La rivoluzione comincia dai corpi
Note su Apocalisse e Rivoluzione di Giorgio Cesarano e Gianni Collu
- Pubblicato su Lundimatin il 16/6/2020 -
A partire da giovedì scorso, si può trovare nelle librerie Apocalisse e Rivoluzione di Giorgio Cesarano e Gianni Collu, appena rieditato in lingua francese dalle edizioni La Tempête. Questo libro è stato scritto nel 1972, in risposta alla pubblicazione del rapporto del Club di Roma sui Limiti dello Sviluppo. Commissionato dal MIT e finanziato dalla Fiat, il rapporto preconizzava una «crescita zero» ed un limite al capitalismo. Alla sua pubblicazione, Cesarano e Collu reagirono con un'analisi tempestiva e sottile di quello che è il modo in cui il capitalismo stava cambiando in quegli anni: le sue nuove armi erano diventate il millenarismo religioso, la colonizzazione dell'individualità e lo sviluppo di un'economia del debito. Allo stesso tempo, veniva proposto anche un rinnovamento dei concetti e dei modi dell'antagonismo rivoluzionario, che non sarebbe più stato il conflitto tra le classi, ma piuttosto la lotta dei corpi della specie umana contro il loro essere messi a morte da parte del processo capitalistico. A tutto ciò che mette in discussione la sopravvivenza stessa della specie, questo libro oppone una certezza: la rivoluzione comincia dai corpi. Giorgio Cesarano, a quel tempo, è stato un autore vicino alla critica situazionista. Egli ha anche partecipato alla fondazione del Gruppo Ludd, del quale, in quest'ambito, ha parlato Anselm Jappe.

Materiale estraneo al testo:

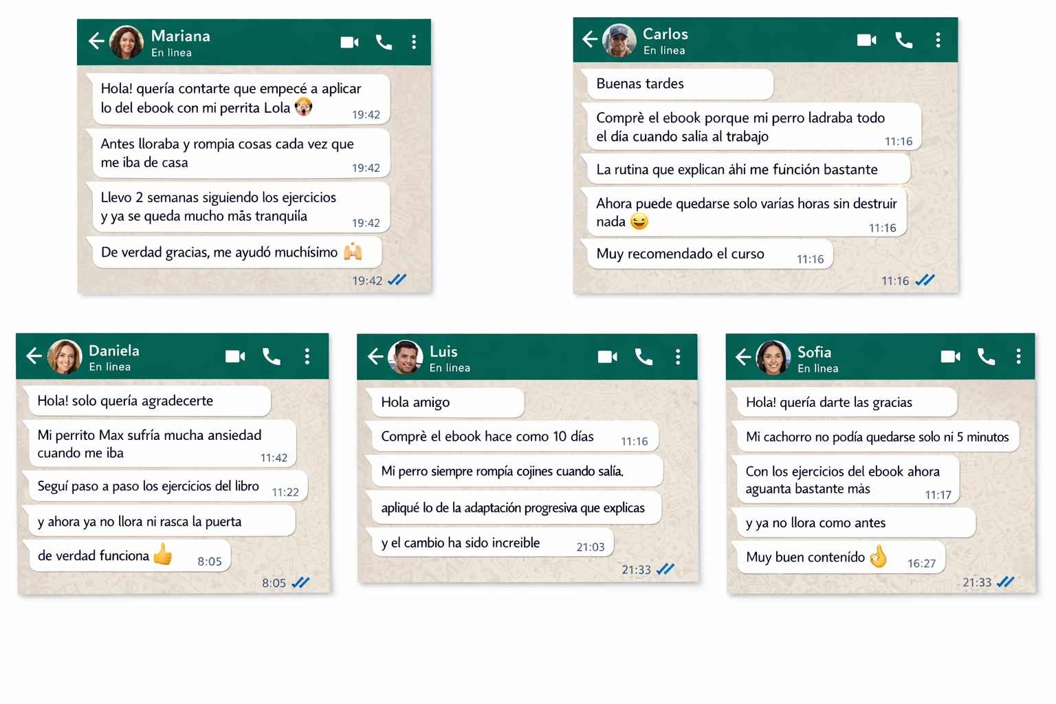 Un “manual de emergencia” con guiones claros para actuar en el momento: qué hacer al abrir la puerta, cómo reiniciar si salta o ladra, cómo salir sin drama y cómo volver sin reforzar el problema. Ideal para no improvisar y ser consistente desde el día 1.

I pochi iniziati agli scritti di Giorgio Cesarano formano una comunità segreta. E questo perché sicuramente questo autore ha prodotto un pensiero totale e senza compromessi, profondo e dialettico, scritto facendo uso di una prosa infuocata che non si lascia penetrare con facilità, e che continua, per quanto sotterranea, ad affascinare da quasi cinquant'anni. Vivente l'autore, tutti i suoi scritti teorici sono stati, per sua stessa ammissione, redatti «sotto l'effetto dell'urgenza». Cesarano aveva intuito, con grande acutezza, che negli anni '70 si stava aprendo una finestra che avrebbe potuto chiudersi molto rapidamente ed in maniera insidiosa, nella quale si sarebbe dovuto lottare violentemente contro le mistificazioni de «la politica». Il suo suicidio, nel 1975, avvenuto all'età di 47 anni, può essere compreso come un rifiuto di vedere come una simile opportunità storica poteva estinguersi in una liberazione fittizia.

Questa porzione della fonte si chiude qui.